Tom Engelhardt, in the www.tomdispatch.com, a weblog of the Nation Institute (Feb. 20, 2004):

Let's remember, when we do our historical multiplication tables, that everything happening now began somewhere, some time. Take the construction and engineering company Kellogg, Brown & Root, now serving (and feeding) our troops in Iraq in so many overpriced ways . It was founded as Brown & Root in Texas in 1919; sponsored the political career of, and was then sponsored in its search for government contracts by Senator Lyndon Baines Johnson; after being swallowed up by Halliburton, a burgeoning oil-services firm, in 1962, it followed vice president, then president LBJ into Vietnam where it was deeply involved in constructing"infrastructure" - bases and the like - for the U.S. military. As Jane Mayer reminds us in her recent New Yorker article on Halliburton and its former CEO, our present vice president, in those rebellious and sardonic days Brown & Root was known to many American soldiers by the familiar nickname,"Burn and Loot."

And so it goes, as Kurt Vonnegut might say. And so it continues to go, as KBR, still part of Halliburton, supports the American effort in Iraq to the tune of multi-billions in support of another vice president with an even closer relationship to the company. What pet names our soldiers in Iraq have bestowed on KBR this time around I don't know, nor do I know who built the"infrastructure" for our first great offshore imperial venture, our annexation and conquest of the Philippines over a century ago, though Filipino columnist Renato Redentor Constantino might well.

The war in Vietnam we're re-imagining and arguing over in this presidential season is but a pale shadow of the grisly event itself, and our no less grisly military years in the Philippines, which paved the way for Vietnam, are long gone from American memory, though, as Constantino wants to remind us below, they shouldn't be.

And yet it would be incorrect to say that no one remembers this ancient history. Perhaps it's just that the wrong people remember it the wrong way. Take the following recent remarks by former general and would-be viceroy of Iraq Jay Garner , who was quickly replaced by L. Paul Bremer in the early days of our Iraqi debacle:

"'I think one of the most important things we can do right now is start getting basing rights' in both northern and southern Iraq, Garner said, adding that such bases could provide large areas for military training. 'I think we'd want to keep at least a brigade in the north, a self-sustaining brigade, which is larger than a regular brigade,' he added.

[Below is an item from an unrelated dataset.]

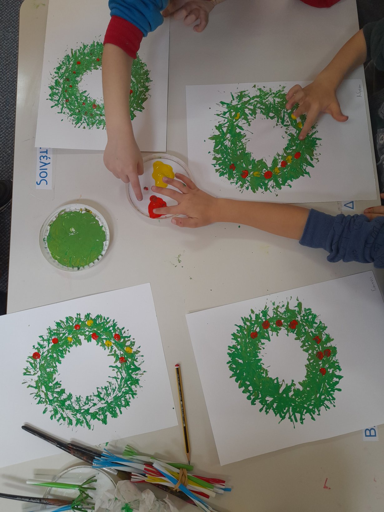 μπατονέτα, δάχτυλο) για τη δημιουργία χριστουγεννιάτικων καρτών…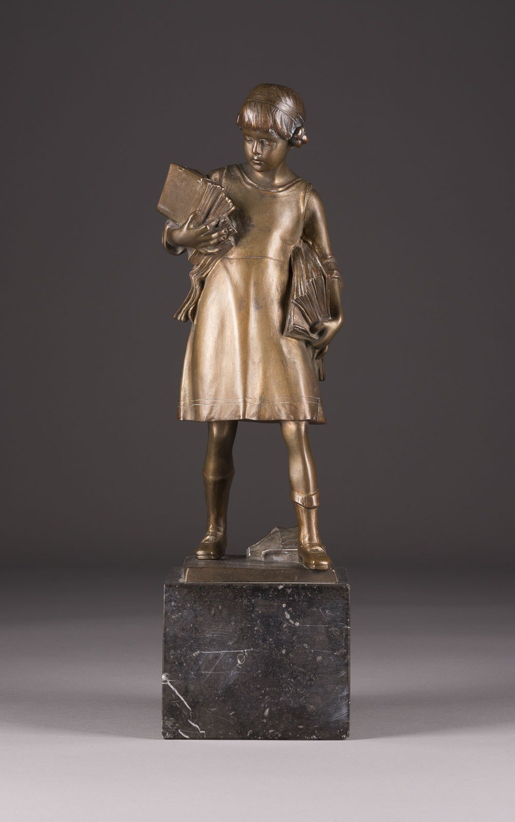 Bronze, dunkel patiniert, auf quadratischer Plinthe und Würfel-Marmorsockel (H. 10 cm). Ges.-H. 42,5, B. 12, T. 11,5 cm, Gew. ca. 16,87 kg. Rückseitig auf der Plinthe sig. 'Prof. V. H. Seifert'. Vollplastische Darstellung eines Mädchens, mit gesenktem Blick und mehrere Bücher tragend. Best., ber. und part. Verlust der Patina.

"Noting how establishing U.S. naval bases in the Philippines in the early 1900s allowed the United States to maintain a 'great presence in the Pacific,' Garner said, 'To me that's what Iraq is for the next few decades. We ought to have something there ... that gives us great presence in the Middle East. I think that's going to be necessary.'"

Back in the years between the conquest of the Philippines and the war in Vietnam, the Pacific was sometimes spoken of here as"America's lake" and in the World War II years there was even a tin-pan alley tune with the pop title,"To be specific, it's our Pacific." Somehow,"America's desert" doesn't have quite the same ring to it, and I don't think the title,"To be specific, they're our oil reserves" would fly.